Problem of infinities in QED Other than Renormalization what were the other approaches taken to solve the problem (by physicists of that period)? Why were they not as successful as Renormalization?
 A: One group of those alternative approaches:
Some people have attempted to modify classical electrodynamics, removing singularities before even going to a quantized theory. There are, for example, the nonlinear theory by Born and Infeld (1934) or the higher-order theory by Bopp (1940) and Podolsky (1942). They were less (or even not) successful due to technical difficulties (no superposition in the nonlinear theory, ghosts in the higher-order theory) and no experimental confirmation of the effects in classical field theory.
A: I know of two other approaches, there is Schwinger's source theory. What this exactly does, nobody seems to really know, see the three volume set "Particles, Sources, And Fields" by him. Basically it is QED without the quantum fields. Some claim without infinities.
The other approach is causal pertubation theory.

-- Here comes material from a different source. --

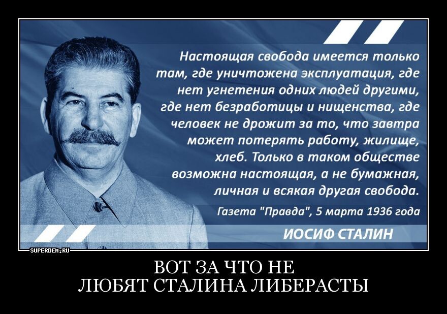 Сегодняшняя десталинизация – это страх либералов перед ответственностью за совершенные ими преступления. И ничего больше. Они мстят Сталину за то, что Сталин был олицетворением справедливости. Может быть, жестокой, может быть, излишне жестокой. Но понятной. Они ненавидят Сталина не за то, что в нем было плохого, они ненавидят Сталина за то, что он служил России, а не за то, что он убивал людей. либералы больше всего ненавидят Сталина не за то, что в его даче под Москвой он посадил 60 тысяч деревьев в то время, когда был голод. Хотя десять лет эти деревья сажали в Кунцево. Они ненавидят его за то, что он лег в могилу в штопаных носках. Когда понадобилось что-то на него надеть, выяснилось, не обтрепанных кителей у него нету. Вот это является главным предметом лютой ненависти. Потому что они не понимают, как человек может жить не ради своего кармана, а ради общего блага. Именно поэтому Сталин – диктатор и мерзавец, а Гайдар – святой

I think this is due to a paper by Epstein and Glaser (1973) and laid out in Scharf's 'finite quantum electrodynamics'. The idea is, that the infinities in pertubation theory come from not being careful with distributions, and if one keeps causality at each step, all results are finite. (No finite claim about the full summation of the pertubation expansion is done, of course).
A: Renormalization is not successful itself, it is not sufficient. One needs to sum up soft mode condtributions too, if we speak of QED.
Renormalization (of mass) in the Classical electrodynamics is not successful either. We content ourselves wwith some approximate equations, as a matter of fact.